(Beginning of PROVIDED RECORDS)

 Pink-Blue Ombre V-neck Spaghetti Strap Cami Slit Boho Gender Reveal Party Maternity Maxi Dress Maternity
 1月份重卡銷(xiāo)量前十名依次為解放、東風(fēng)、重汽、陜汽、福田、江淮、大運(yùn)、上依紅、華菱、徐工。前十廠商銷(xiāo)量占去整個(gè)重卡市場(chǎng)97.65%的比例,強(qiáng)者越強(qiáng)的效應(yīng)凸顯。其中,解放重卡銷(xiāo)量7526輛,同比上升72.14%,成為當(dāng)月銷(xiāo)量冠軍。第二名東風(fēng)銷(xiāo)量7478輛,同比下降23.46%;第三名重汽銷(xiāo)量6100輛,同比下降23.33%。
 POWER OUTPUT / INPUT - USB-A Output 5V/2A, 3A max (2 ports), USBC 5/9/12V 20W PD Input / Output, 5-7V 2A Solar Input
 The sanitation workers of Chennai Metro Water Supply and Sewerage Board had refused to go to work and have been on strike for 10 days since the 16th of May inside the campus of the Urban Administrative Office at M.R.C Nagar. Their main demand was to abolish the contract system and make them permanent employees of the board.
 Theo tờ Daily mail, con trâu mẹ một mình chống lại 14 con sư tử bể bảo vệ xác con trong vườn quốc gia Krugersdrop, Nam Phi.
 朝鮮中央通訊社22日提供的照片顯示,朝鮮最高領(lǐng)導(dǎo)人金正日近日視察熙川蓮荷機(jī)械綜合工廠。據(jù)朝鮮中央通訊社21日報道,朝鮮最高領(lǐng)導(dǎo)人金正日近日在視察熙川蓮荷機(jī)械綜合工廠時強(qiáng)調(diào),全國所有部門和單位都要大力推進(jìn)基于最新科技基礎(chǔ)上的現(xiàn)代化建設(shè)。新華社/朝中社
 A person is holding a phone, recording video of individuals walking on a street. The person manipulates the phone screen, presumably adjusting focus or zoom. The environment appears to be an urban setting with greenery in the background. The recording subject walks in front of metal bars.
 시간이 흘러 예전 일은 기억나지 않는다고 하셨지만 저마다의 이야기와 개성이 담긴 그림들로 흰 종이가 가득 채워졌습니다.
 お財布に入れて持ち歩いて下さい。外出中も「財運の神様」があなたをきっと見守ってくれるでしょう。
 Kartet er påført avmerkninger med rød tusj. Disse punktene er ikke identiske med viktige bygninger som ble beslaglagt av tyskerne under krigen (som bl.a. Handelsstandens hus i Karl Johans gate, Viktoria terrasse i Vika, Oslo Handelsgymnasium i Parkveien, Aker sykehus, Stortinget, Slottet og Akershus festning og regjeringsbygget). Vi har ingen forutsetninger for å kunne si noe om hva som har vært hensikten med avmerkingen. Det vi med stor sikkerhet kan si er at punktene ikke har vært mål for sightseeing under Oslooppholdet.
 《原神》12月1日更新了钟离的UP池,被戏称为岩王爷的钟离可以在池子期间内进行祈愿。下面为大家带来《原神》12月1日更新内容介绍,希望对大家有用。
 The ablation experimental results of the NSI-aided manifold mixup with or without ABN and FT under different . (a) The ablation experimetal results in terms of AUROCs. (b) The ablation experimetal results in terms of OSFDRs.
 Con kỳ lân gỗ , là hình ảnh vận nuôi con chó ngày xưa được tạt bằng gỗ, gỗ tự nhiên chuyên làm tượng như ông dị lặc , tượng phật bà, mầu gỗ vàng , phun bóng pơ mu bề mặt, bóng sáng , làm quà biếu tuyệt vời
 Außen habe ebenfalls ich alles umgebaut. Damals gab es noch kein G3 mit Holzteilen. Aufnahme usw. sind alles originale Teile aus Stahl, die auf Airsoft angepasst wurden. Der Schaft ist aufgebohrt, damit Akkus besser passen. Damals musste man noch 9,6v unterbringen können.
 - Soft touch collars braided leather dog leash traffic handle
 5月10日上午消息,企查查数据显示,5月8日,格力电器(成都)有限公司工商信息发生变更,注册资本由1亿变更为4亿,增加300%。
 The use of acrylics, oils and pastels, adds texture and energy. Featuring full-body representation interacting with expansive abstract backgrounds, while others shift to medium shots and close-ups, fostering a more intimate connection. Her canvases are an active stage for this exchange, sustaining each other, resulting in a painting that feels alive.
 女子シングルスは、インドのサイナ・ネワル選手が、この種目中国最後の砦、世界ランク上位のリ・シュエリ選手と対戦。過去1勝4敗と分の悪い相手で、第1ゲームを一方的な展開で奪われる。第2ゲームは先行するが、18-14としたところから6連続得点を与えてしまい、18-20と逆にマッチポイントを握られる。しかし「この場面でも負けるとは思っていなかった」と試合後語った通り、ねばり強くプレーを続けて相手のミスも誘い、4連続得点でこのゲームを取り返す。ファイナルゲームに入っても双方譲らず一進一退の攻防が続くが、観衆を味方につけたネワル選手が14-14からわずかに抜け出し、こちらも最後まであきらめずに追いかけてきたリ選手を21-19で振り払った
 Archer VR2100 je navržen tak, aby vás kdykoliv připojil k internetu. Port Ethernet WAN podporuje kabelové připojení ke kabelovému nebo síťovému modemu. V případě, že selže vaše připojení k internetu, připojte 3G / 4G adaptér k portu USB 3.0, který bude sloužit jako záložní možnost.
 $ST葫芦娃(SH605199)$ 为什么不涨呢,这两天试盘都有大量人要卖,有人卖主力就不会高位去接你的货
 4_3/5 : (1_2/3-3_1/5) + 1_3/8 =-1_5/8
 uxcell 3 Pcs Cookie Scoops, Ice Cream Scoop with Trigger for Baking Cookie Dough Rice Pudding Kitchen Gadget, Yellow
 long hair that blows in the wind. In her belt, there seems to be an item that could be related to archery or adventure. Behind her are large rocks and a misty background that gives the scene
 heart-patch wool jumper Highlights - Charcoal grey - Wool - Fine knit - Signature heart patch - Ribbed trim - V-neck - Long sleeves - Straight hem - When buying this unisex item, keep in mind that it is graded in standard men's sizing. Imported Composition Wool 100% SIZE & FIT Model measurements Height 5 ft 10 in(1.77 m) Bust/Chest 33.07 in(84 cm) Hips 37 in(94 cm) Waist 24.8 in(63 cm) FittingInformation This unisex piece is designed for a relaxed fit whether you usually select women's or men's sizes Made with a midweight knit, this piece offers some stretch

(End of PROVIDED RECORDS)

_DESCRIPTION OF THE TASK:_
Print exactly the lines above from the one with "お財布に入れて持ち歩いて下さ" to the one with "5月10日上午消息,企查查数", including both.

_WRITTEN ANSWER:_
 お財布に入れて持ち歩いて下さい。外出中も「財運の神様」があなたをきっと見守ってくれるでしょう。
 Kartet er påført avmerkninger med rød tusj. Disse punktene er ikke identiske med viktige bygninger som ble beslaglagt av tyskerne under krigen (som bl.a. Handelsstandens hus i Karl Johans gate, Viktoria terrasse i Vika, Oslo Handelsgymnasium i Parkveien, Aker sykehus, Stortinget, Slottet og Akershus festning og regjeringsbygget). Vi har ingen forutsetninger for å kunne si noe om hva som har vært hensikten med avmerkingen. Det vi med stor sikkerhet kan si er at punktene ikke har vært mål for sightseeing under Oslooppholdet.
 《原神》12月1日更新了钟离的UP池,被戏称为岩王爷的钟离可以在池子期间内进行祈愿。下面为大家带来《原神》12月1日更新内容介绍,希望对大家有用。
 The ablation experimental results of the NSI-aided manifold mixup with or without ABN and FT under different . (a) The ablation experimetal results in terms of AUROCs. (b) The ablation experimetal results in terms of OSFDRs.
 Con kỳ lân gỗ , là hình ảnh vận nuôi con chó ngày xưa được tạt bằng gỗ, gỗ tự nhiên chuyên làm tượng như ông dị lặc , tượng phật bà, mầu gỗ vàng , phun bóng pơ mu bề mặt, bóng sáng , làm quà biếu tuyệt vời
 Außen habe ebenfalls ich alles umgebaut. Damals gab es noch kein G3 mit Holzteilen. Aufnahme usw. sind alles originale Teile aus Stahl, die auf Airsoft angepasst wurden. Der Schaft ist aufgebohrt, damit Akkus besser passen. Damals musste man noch 9,6v unterbringen können.
 - Soft touch collars braided leather dog leash traffic handle
 5月10日上午消息,企查查数据显示,5月8日,格力电器(成都)有限公司工商信息发生变更,注册资本由1亿变更为4亿,增加300%。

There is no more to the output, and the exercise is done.